I've just worked out how TV executives plan their schedules these days. When they spot a gap in the schedule they don't bother commissioning a new drama or hunting down a classic film. Instead, they take a trip to the basement of Broadcasting House where sits a wheel of fortune and a bin bag filled with scraps of paper.

"Okay", says the producer, taking a handful of names out of the bag. "We've got Rebecca Loos, Jimmy Krankie and the ginger one from Biker Grove. Now spin that wheel." Multicoloured activities spin in a kaleidoscopic frenzy. Where will it land? Naked Morris dancing? Pipe-lagging? Colonic irrigation? Leader of the Labour Party? Only fate and the increasing penchant for C-list celebrity self-abasement can decide.

Given the permutations available with this format, we really should be thankful that we only have to watch Ron (loose lips) Atkinson, Esther (loose teeth) Rantzen and Marcus (er, who?) Brigstocke learn a new language in the BBC's celebrity reality TV programme Excuse My French.

Transported to Provence to spend four weeks living together while they learn to speak French via the immersion technique (they don't get any hot water until they can ask for it), the trio must master enough of the language to successfully carry out their day jobs.

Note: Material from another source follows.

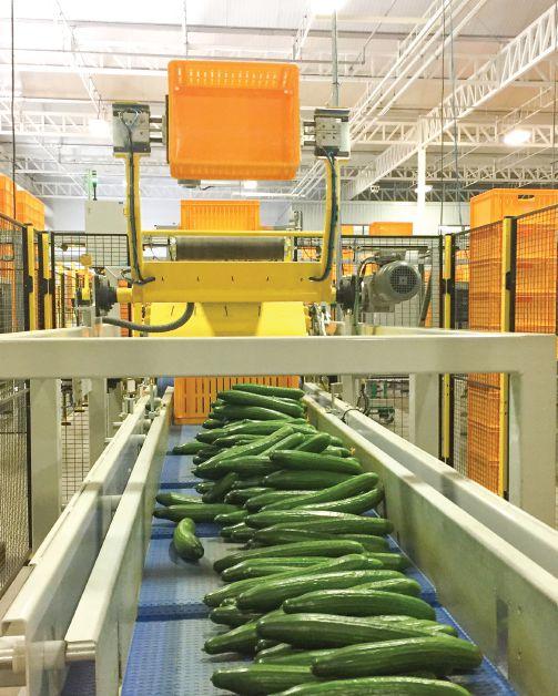 delivered to the pack lines via induction wire by a driverless M-Track or Bumble Bee train,” explains Guy Totaro, grower manager of cucumbers at Mucci Farms. “The system scans the tag on the carts to identify the product when it’s being offloaded and then sorts it for the appropriate pack line. Our team then grades and packs it and our automatic palletizer uses infrared technology to determine the pallet configuration.”

So, Brigstocke must perform stand-up, Atkinson has to comment on a football match and Rantzen has to find a French bean in the shape of a man's private parts.

Just kidding. Rantzen's task is to appear on TV in front of millions, which should be a cinch, her command of the lingua Francais being rather less alarming that her burgundy Zur Alors! hair do. Meanwhile Brigstocke struggles to raise laughs in another language, though he does do good beret.

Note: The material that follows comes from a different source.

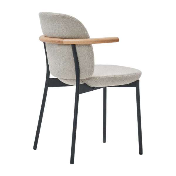 The Solace chair family is reflective of a place of comfort, security and warmth. With a generous upholstered seat and back, Solace offers outstanding comfort at the dining table, encouraging prolonged gatherings with family and friends. Its premium powder coated steel frame guarantees the strength and longevity of this timeless design. Premium touch points such as the wraparound armrests are crafted from solid wood, with thouhtful details such as the hidden pull handle which prevents repeated handling of the upholstery. Solace was designed to last generations and delight its users with surprising details, comfort, premium material selection and strength.

But, naturally enough the car-crash factor comes from Atkinson. The former football manager is an intriguing choice by the BBC: recalling his live-on-air cock up involving an undetected mic, a black Chelsea player and the use of the unthinkable "n" word, it does seem dangerous to enlist him for anything connected to race-relations.

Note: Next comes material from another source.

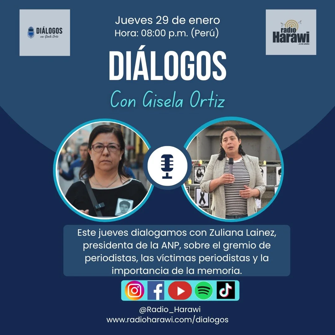 In this episode of Gisela Ortiz, Gisela speaks with Zuliana Lainez, president of the National Association of Journalists of Peru (ANP), to examine the role of the journalism profession in defending human rights and preserving historical memory. Drawing on the Uchuraccay case, in which eight journalists were killed on January 26, 1983, Gisela and Zuliana will reflect on networks of solidarity and support for families, through the lens of truth, justice, and non-repetition, in the context of Peru’s internal armed conflict.

Still, he's a dead cert to provide that Englishman abroad' stereotype and he doesn't fail to deliver. On this week's programme his teacher was becoming concerned that, while he has mastered some French words, Ron's sentences seem to make no sense whatsoever. This made Ron mad. And no wonder.

A quick look back at some of his most lucid utterances ("Well, Clive, it's all about the two Ms movement and positioning"; "Beckenbauer has really gambled all his eggs"; "If Glenn Hoddle said one word to his team at half time, it was concentration and focus";) shows that this is just the way Ron talks.

With this, plus the former manager's old-man dogmatism, appalling grasp of the French Highway Code and fluency in the international language of grinning at everyone and offering them booze, he's set to become the star of the show, if not of France itself. Spin that wheel, BBC. I want to see him on a float at Notting Hill Carnival next year.